Sephy waited for him to follow up on his terse statement, but when they had gone a mile or two and he still hadn’t spoken she swallowed drily, and then said quietly, ‘Mr Quentin—’
‘Conrad,’ he interrupted pleasantly.
She tried to ignore the long lean legs stretched out under the steering wheel and the delicious faint odour of what must be wildly expensive aftershave, and took another surreptitious swallow before she managed, ‘Conrad, there really is no need to buy me dinner. I’m sure you must be terribly busy, and I’ve masses of things to do when I get home—’
‘Don’t you want to have dinner with me, Sephy?’ he interrupted again, the even tone fooling her not at all.
She hesitated just a second too long before she said, ‘It’s not that. Of course it’s not that I don’t want to.’
‘No?’ It was very dry. ‘Well, we won’t labour the point. I take it you have no objection in calling in Madge’s place on the way back and picking up the terrible Angus? It is en route, so it makes sense.’
She wanted to ask, Why the terrible Angus? but said instead, ‘Yes, of course. That’s fine,’ her voice tight and stiff.
‘And it might be easier to drop him off at my house before I take you home; he doesn’t like travelling and it’ll be less stressful,’ he continued smoothly. ‘We don’t want to distress him.’
Put like that, she could hardly do anything else but agree. She had no idea where he lived, but somehow she didn’t feel she could ask him either. She just hoped it wasn’t too far from Madge’s.
Madge’s house turned out to be a small and awe-inspiringly neat semi in Epping, with a paved front garden methodically interspersed with miniature shrubs. The interior of the building smelt of mothballs and furniture polish and was as spick and span as the front garden. It was exactly Madge—which made Angus all the more of a shock.
The cat was an enormous battle-scarred ginger tom, with a shredded right ear, a twisted tail that looked distinctly the worse for wear and a blemished nose that bore evidence of numerous fights. He was the very antithesis of what Sephy had expected.
He was waiting for them in Madge’s gleaming compact little kitchen when Conrad opened the door from the hall, which had been firmly closed, and it was clear he was confined to that room of the house during the working day from the massive cat flap in the back door, which gave him access to the rear garden, and the big, warm comfortable basket in one corner of the kitchen, next to which were two saucers. Two empty saucers—a fact which the cat immediately brought to their attention by his plaintive miaows.
‘Oh, he must be starving, poor thing.’
Sephy was all concern as the enormous feline wound hopefully round her legs, but as she glanced anxiously at Conrad she saw him shake his head mockingly, and his voice was amused as he said, ‘He’d have you wrapped round one paw the same as he has Madge. If ever a cat could look after itself this one can, I assure you.
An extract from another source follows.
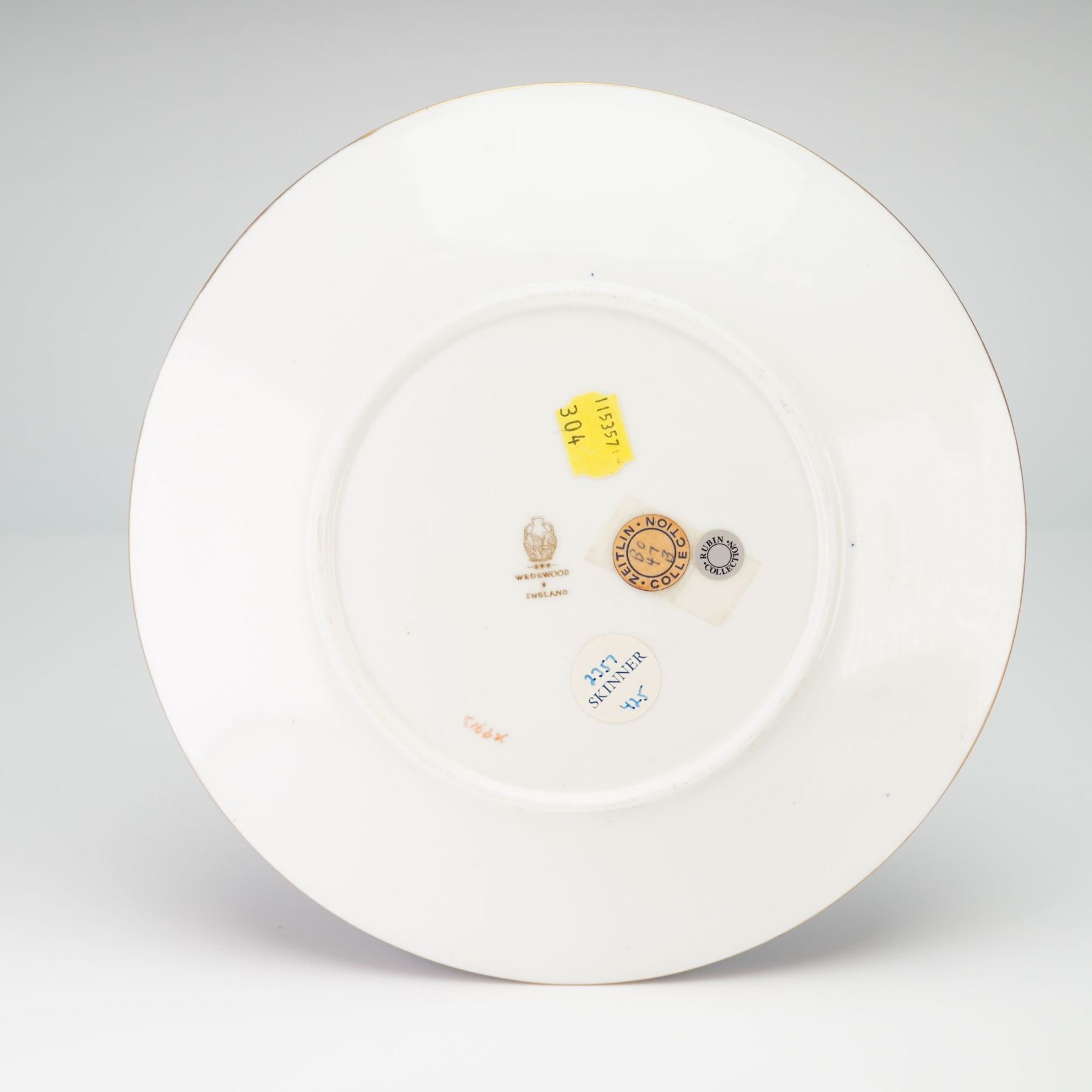 This circular porcelain plate is manufactured by Wedgwood and features a powder blue ground. The central motif depicts two white calves or oxen standing in gilded grass, a design derived from the Venturino Mercati Book of Hours in the Morgan Library and Museum. The rim is decorated with a gilded laurel leaf border and a gold-lined edge. The reverse displays a gold printed Wedgwood factory mark with a classical urn and the word England. Additional markings include a red handwritten alphanumeric code C1687. This piece carries provenance from the Zeitlin Collection and the Rubin Collection, as evidenced by collector labels, and includes a Skinner auction house label.
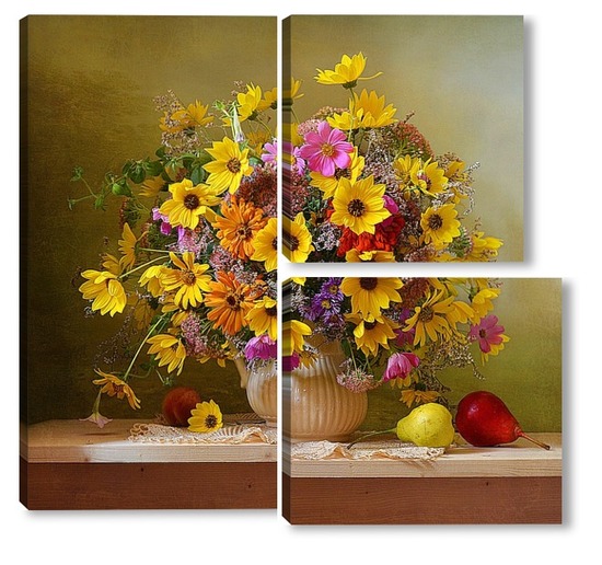 Модульная картина Осенний букет с грушами и персиком Осенний букет с грушами и персиком

Angus always has his eye to the main chance and he keeps everyone dancing to his tune.’
It takes one to recognise one.
For an awful moment Sephy thought she had actually spoken the words out loud, but when Conrad’s face didn’t change and he merely gathered up the cat basket and the saucers she breathed out a silent sigh of relief. She’d said more than enough already.
‘See if you can find a tin of cat food for tonight while I take these out to the car. Although once I get him home I dare say Daniella will be feeding him salmon and steak.’ Conrad shook his head again at the huge cat, who eyed him unblinkingly out of serene emerald eyes. ‘He boarded with us last year while Madge had a couple of weeks’ holiday with her sister, and he didn’t taste cat food once.’
‘Daniella?’ Sephy queried carefully as he passed her with the basket. She didn’t think it unreasonable to ask now.
‘My housekeeper,’ he tossed easily over his shoulder.